Pittsburgh Data Visualization Meetup: inaugural meet and greet

There is a new Pittsburgh Data Visualization Meetup and I attended the first meeting, which was a meet and greet at Fuel & Fuddle in Oakland.

My interest in data visualization

Data visualization isn’t something I’ve done much of, but is something I’m interested in, both for work and for my own personal project ideas. For example, I have amassed a lot of personal data about the races I’ve run and the chess games I’ve played.

The only thing I’ve done for visualization at work is generate static images using Graphviz to display, in human-friendly form, grammatical relations that are otherwise represented using a text format; this text format is usually automatically generated, but sometimes has errors that humans have to fix. It is hard to either see or fix such errors from the text representation, so the visual display helps a lot. Unfortunately, right now our program only generates a static image, not an interactive and editable representation of each graph, so the user who sees something wrong has to edit the text and regenerate the image to verify the correction visually. Ideally we would like to make the program more interactive, but this task is not performed very often, so I had gone with the simplest possible solution.

Summary of meeting

This being the first meeting, we all introduced ourselves and chatted over dinner.
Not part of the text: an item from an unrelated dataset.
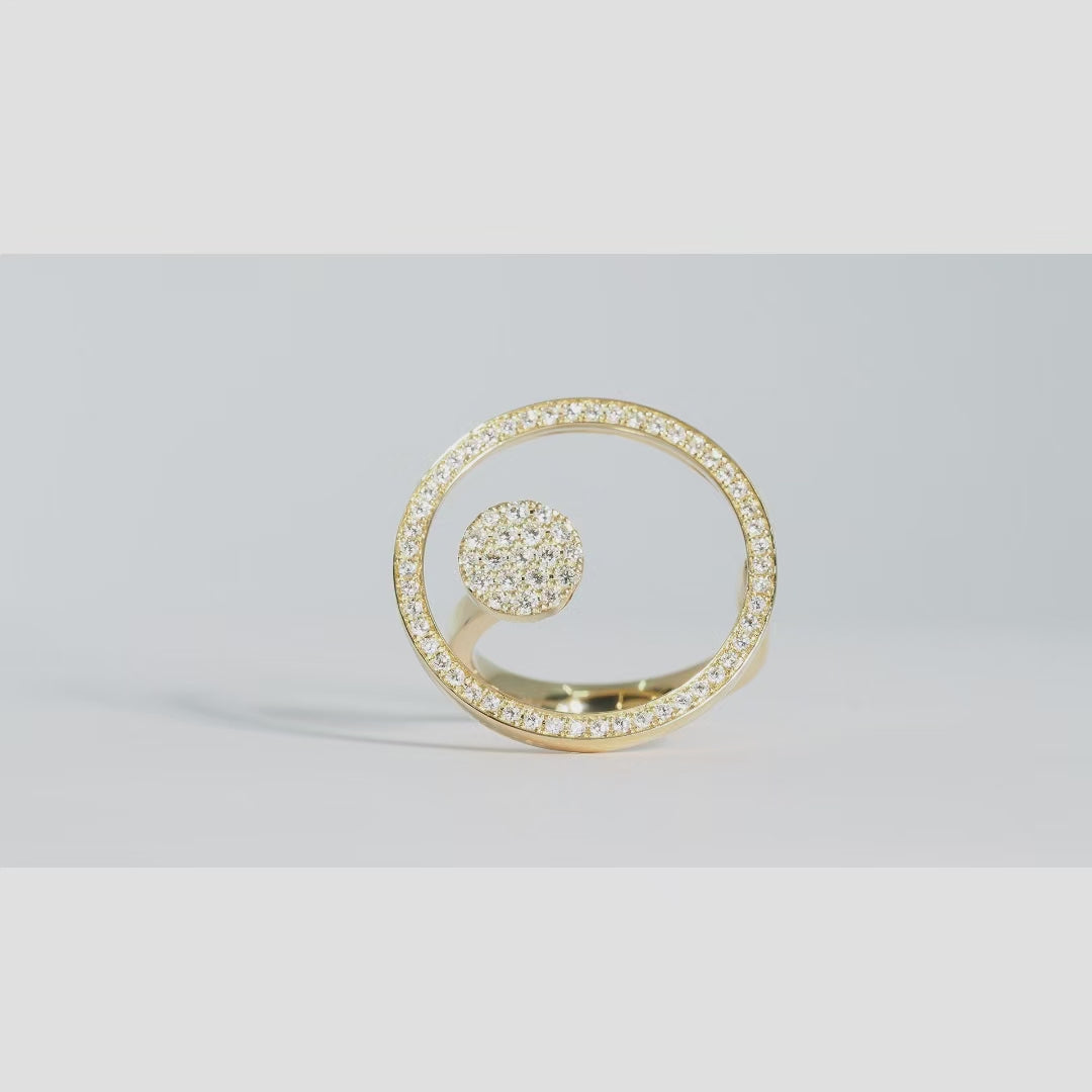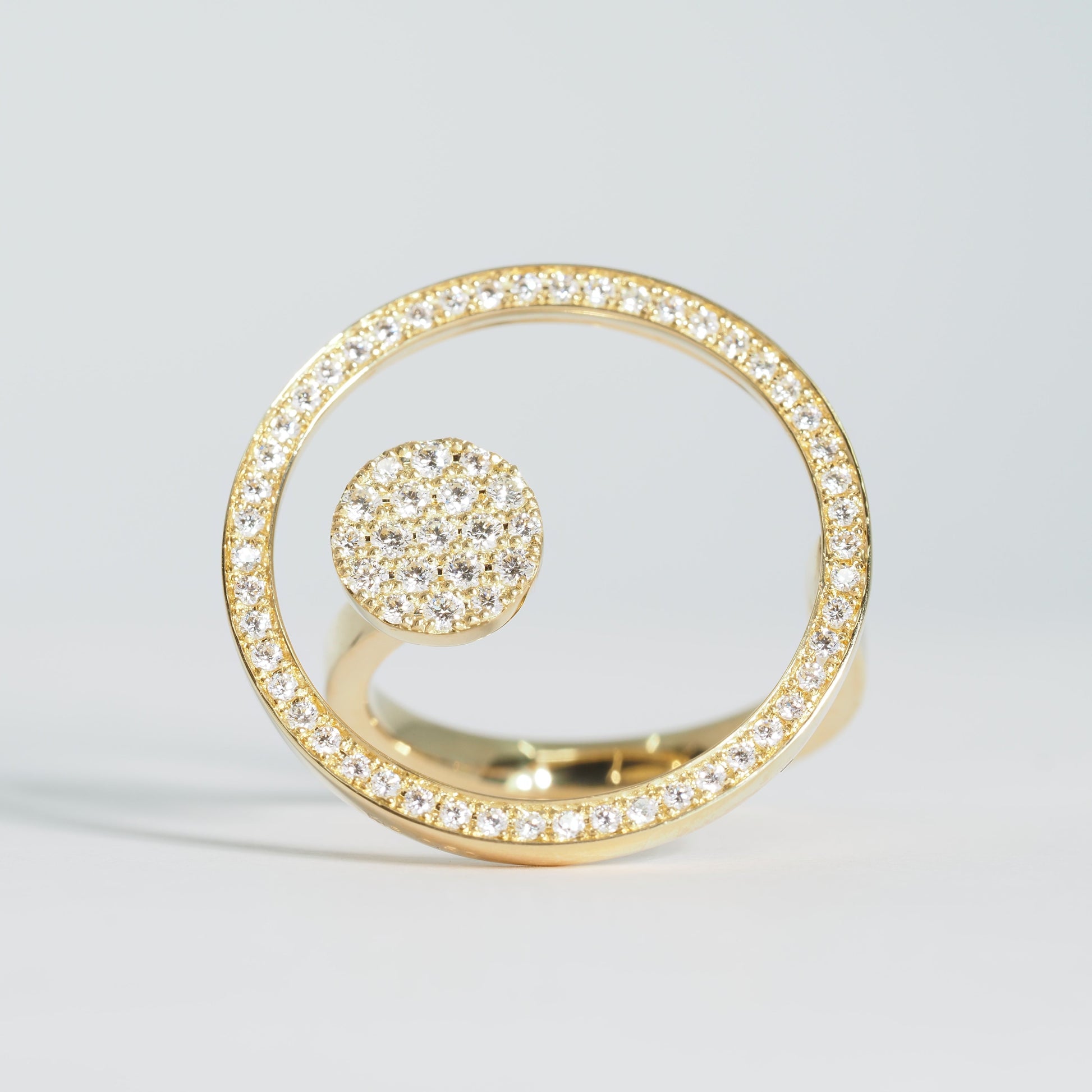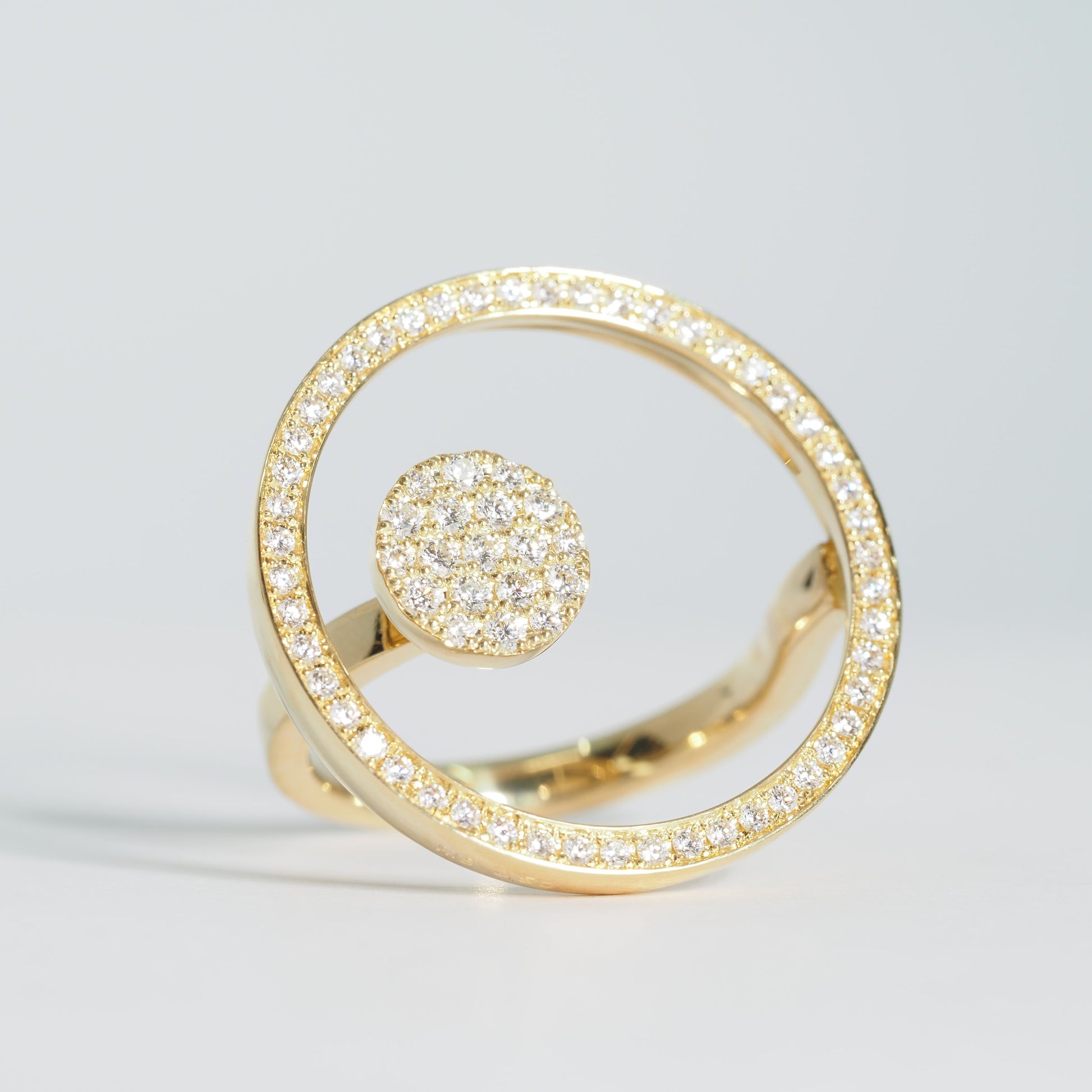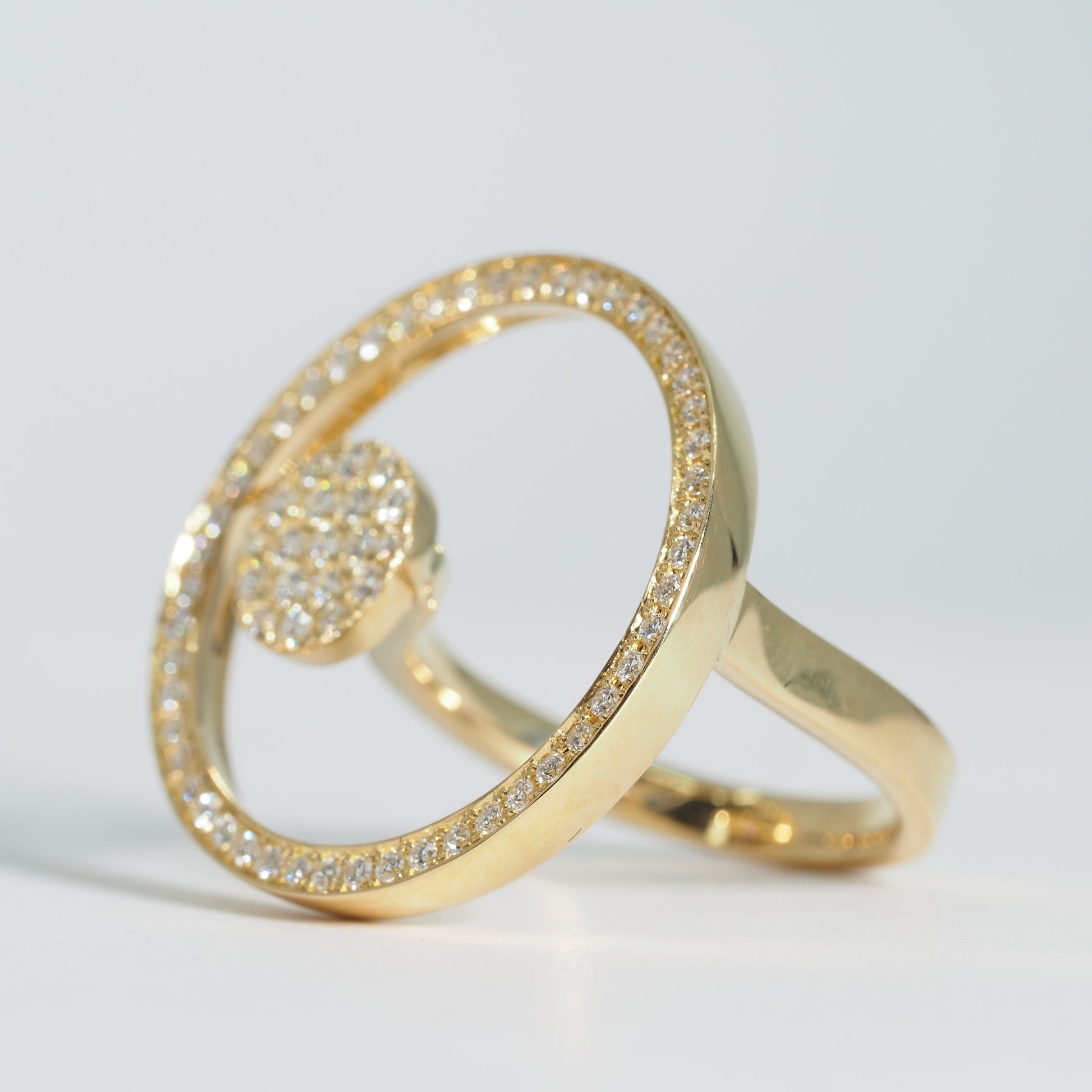 円を描くようにセッティングされたダイヤモンドが光を受けて連続的に煌めき、洗練された存在感を放ちます。
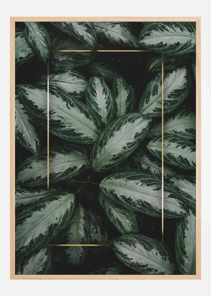 Cu nuanțele sale îndrăznețe și vii de verde, acest poster oferă un element revigorant de natură în casa sau biroul dumneavoastră. Motivul ilustrează o colecție densă de frunze, al căror model detaliat în diferite nuanțe de verde pe un fundal întunecat evidențiază frumusețea lor naturală. Textura vie a fiecărei frunze și dungi întunecate contrastante creează o dinamică vizuală care este atât liniștitoare, cât și energizantă. Această imprimare este un omagiu adus designului simplu, dar complex, al naturii, ideală pentru cei care doresc să introducă elemente naturale și organice în decorul lor.

The creator of the new meetup is Patrick Dudas, who is involved in all kinds of cool projects in collecting data (such as scraping Twitter) and visualizing it.

People talked about the kind of work they do and the tools they use or would like to switch to using. There was a good variety of people from different disciplines, from science to business, all with a need to create useful visualizations to analyze and report on data.

Libraries and languages mentioned included D3, ggplot, R, Python, and Tableau. There was particular interest in more effective use of D3 and R. Patrick promised to lead a session on D3 soon.


It was good to see a new meetup revolving around a need and a discipline, visualization, that cuts across different disciplines and programming languages.